__TASK STATEMENT__
Every record should be restated exactly, with no images included.

__Data items__
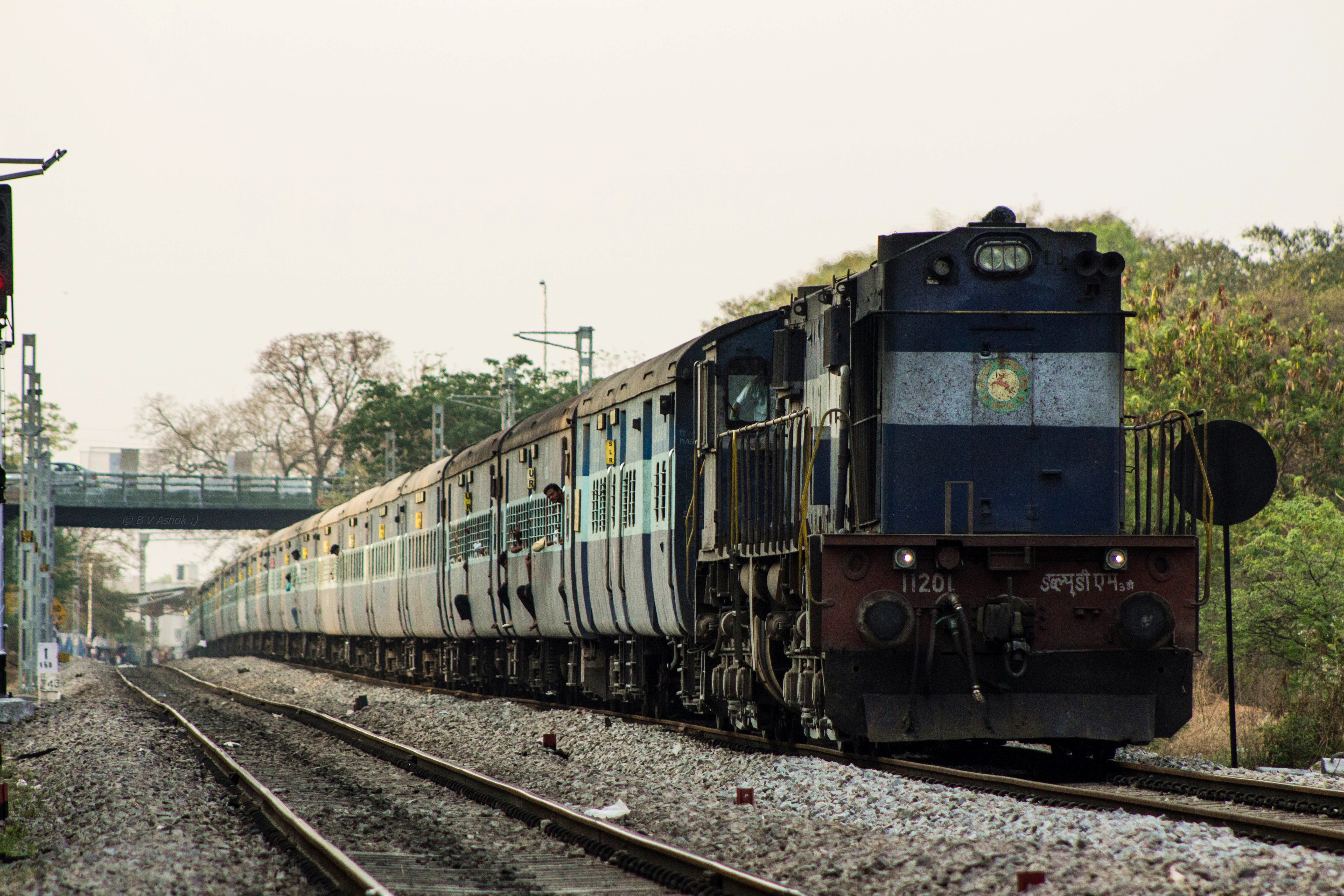 ED WDM-3D 11201 cruising out of Alwal with 16734 Okha - Rameshwaram Express...
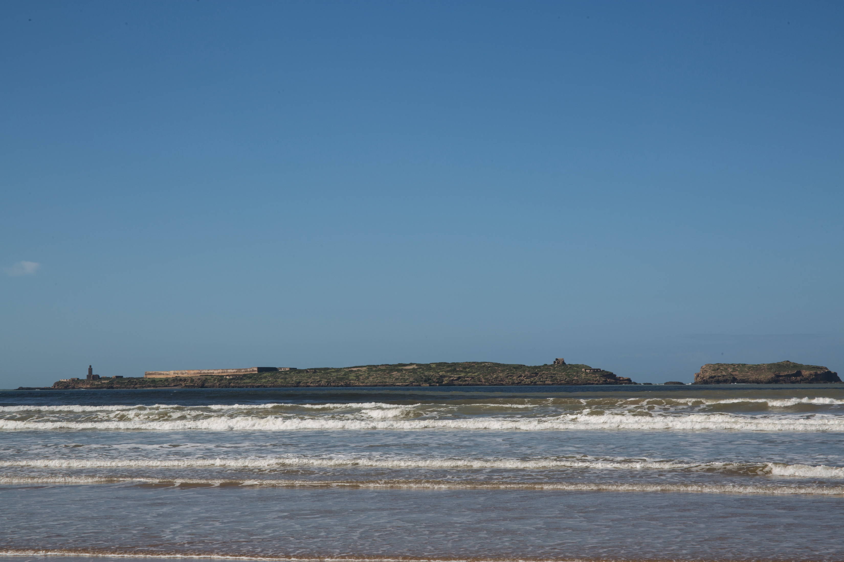 Mogador, the biggest island of the Iles purpuraires near Essaouira, Morocco
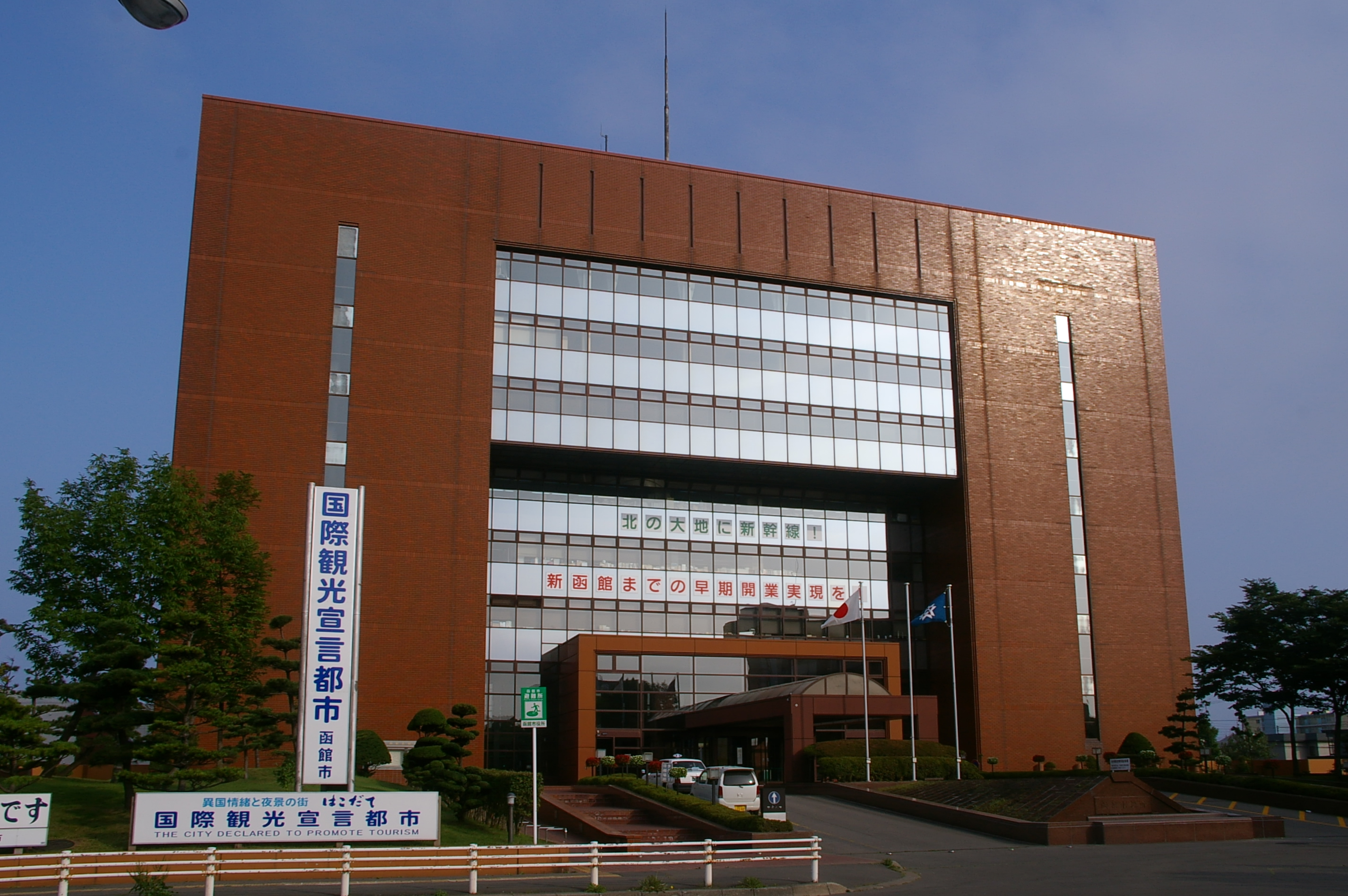 Photograph of Hakodate City Hall in Hakodate, Hokkaido, Japan.
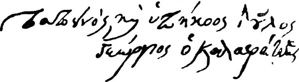 The signature of the Greek scholar Georgios Kalafatis (1652-1720)
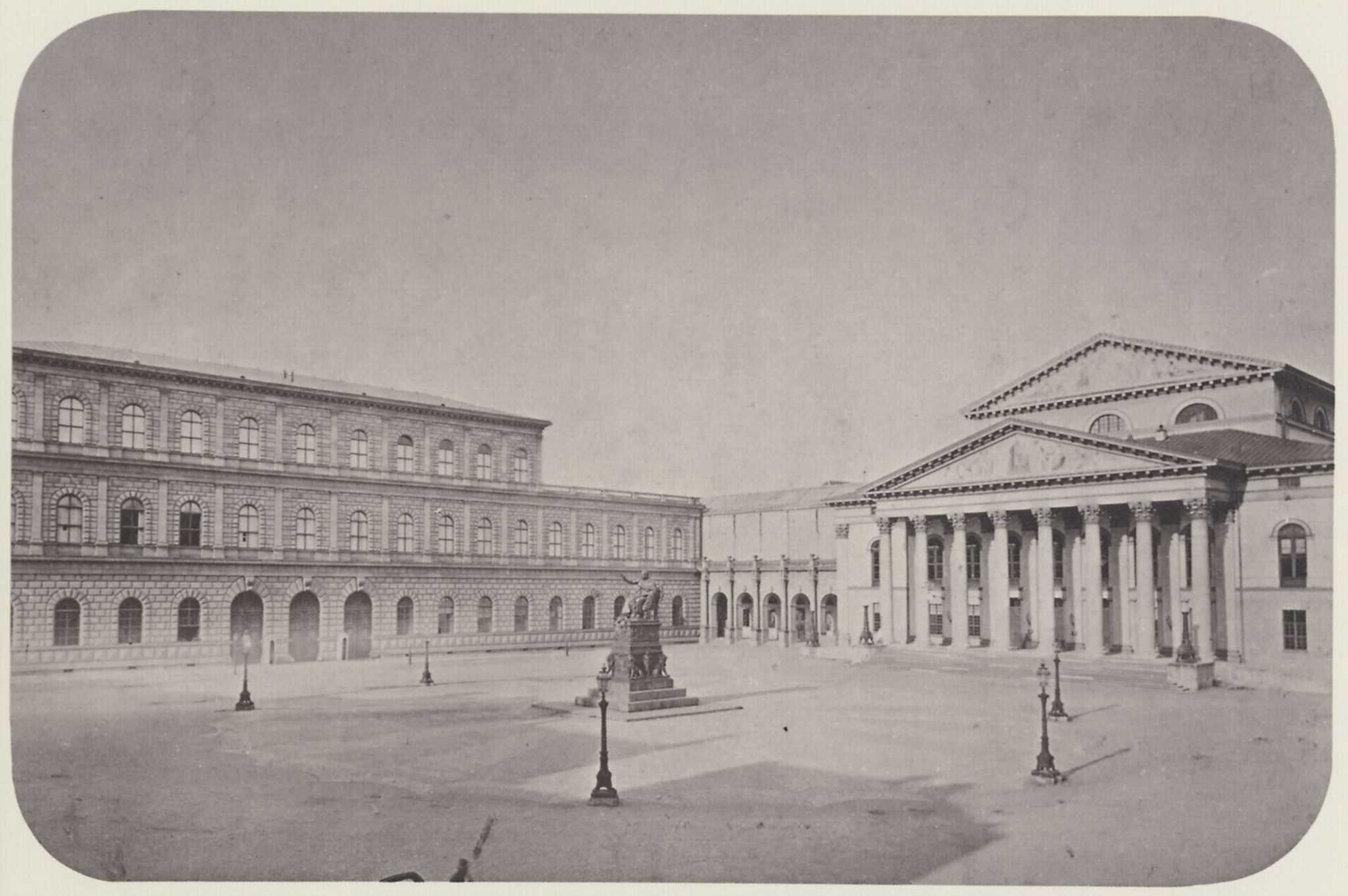 Joseph Albert: Munic Residence
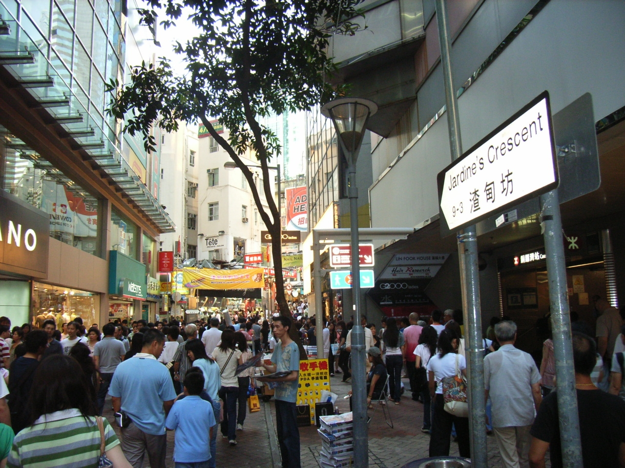 Jardine's Cresent (渣甸坊) is a street near Jardine's Bazaar (渣甸街) in Causeway Bay, Hong Kong. It is one of the most busy commercial streets in HK. Photographer: MSUCWB
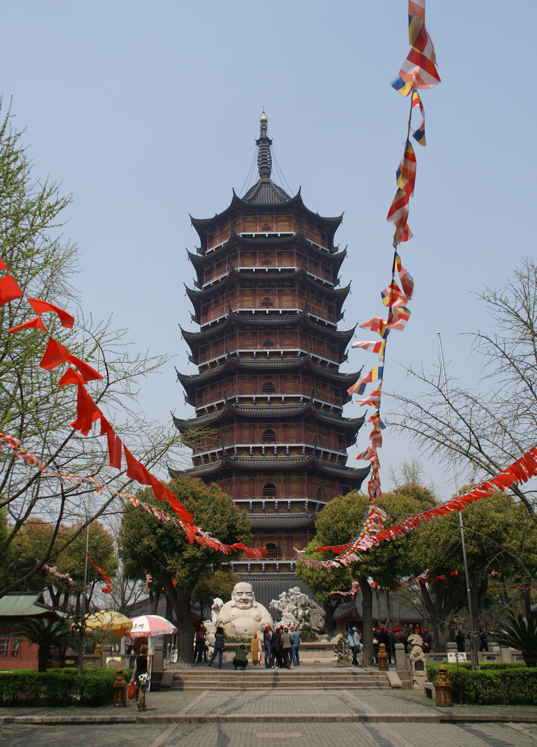 North Temple Pagoda in Suzhou, China
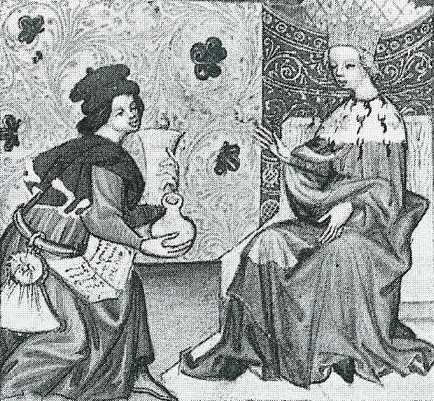 Elizabeth Granowska and Her Doctor
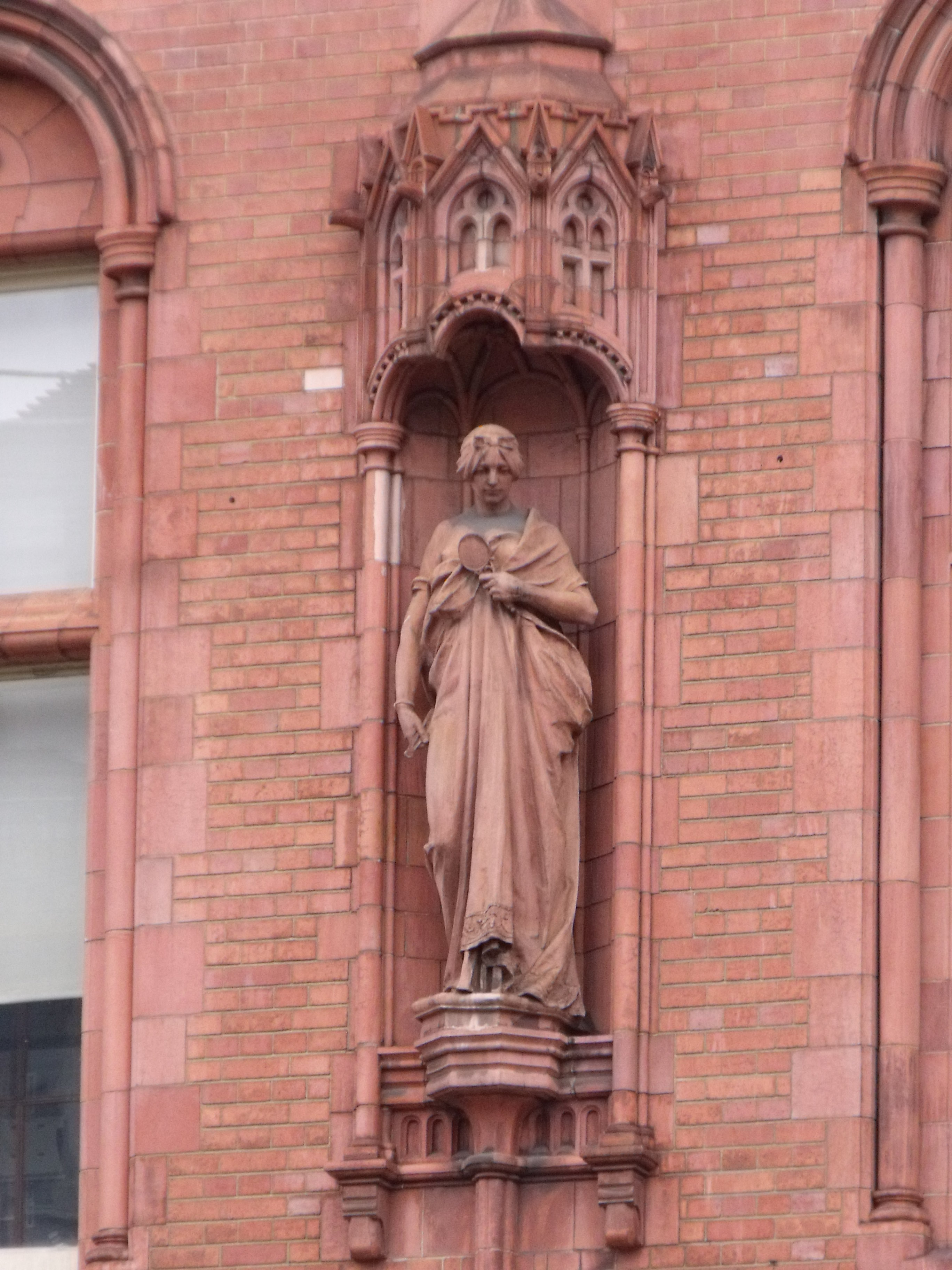 Buildings and monuments down High Holborn, at the beginning of the City of London. This is the Prudential Assurance Building at 138 - 142 Holborn. It was built for Prudential PLC, when they moved to Holborn Bars in 1879. The building was designed by Alfred Waterhouse, and is built of terracotta manufactured by Gibbs and Canning Limited. It is a Grade II* listed building. The north side of the road is actually in Camden Town / Camden and no longer the City of London. It was built in stages from 1885 to 1901. It is in Gothic Revival style. Prudential Assurance Building - Heritage Gateway
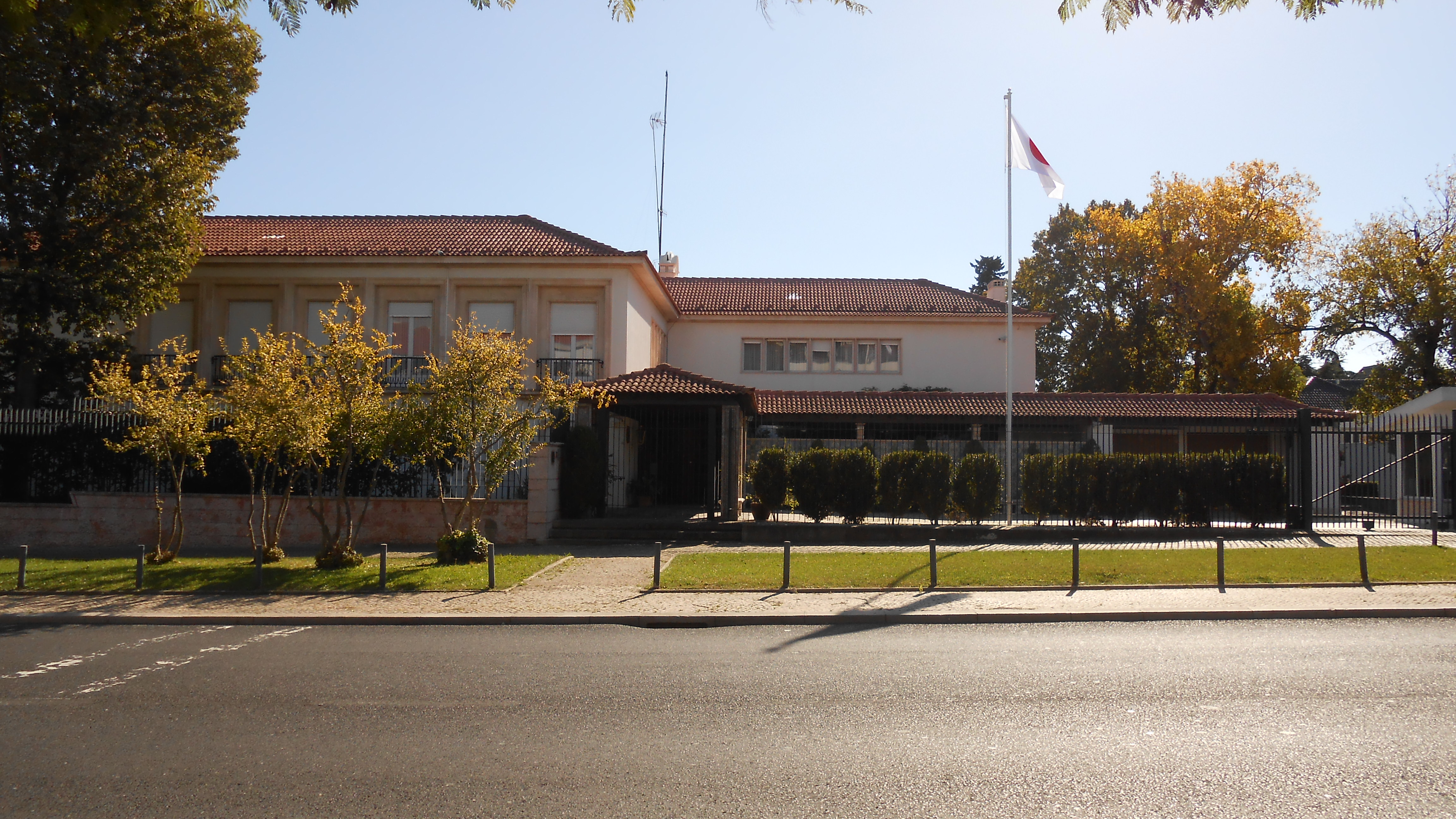 Residence of the japanese ambassador in Belém, a neighbourhood in Lisbon.

__RESULT__
 ED WDM-3D 11201 cruising out of Alwal with 16734 Okha - Rameshwaram Express...
 Mogador, the biggest island of the Iles purpuraires near Essaouira, Morocco
 Photograph of Hakodate City Hall in Hakodate, Hokkaido, Japan.
 The signature of the Greek scholar Georgios Kalafatis (1652-1720)
 Joseph Albert: Munic Residence
 Jardine's Cresent (渣甸坊) is a street near Jardine's Bazaar (渣甸街) in Causeway Bay, Hong Kong. It is one of the most busy commercial streets in HK. Photographer: MSUCWB
 North Temple Pagoda in Suzhou, China
 Elizabeth Granowska and Her Doctor
 Buildings and monuments down High Holborn, at the beginning of the City of London. This is the Prudential Assurance Building at 138 - 142 Holborn. It was built for Prudential PLC, when they moved to Holborn Bars in 1879. The building was designed by Alfred Waterhouse, and is built of terracotta manufactured by Gibbs and Canning Limited. It is a Grade II* listed building. The north side of the road is actually in Camden Town / Camden and no longer the City of London. It was built in stages from 1885 to 1901. It is in Gothic Revival style. Prudential Assurance Building - Heritage Gateway
 Residence of the japanese ambassador in Belém, a neighbourhood in Lisbon.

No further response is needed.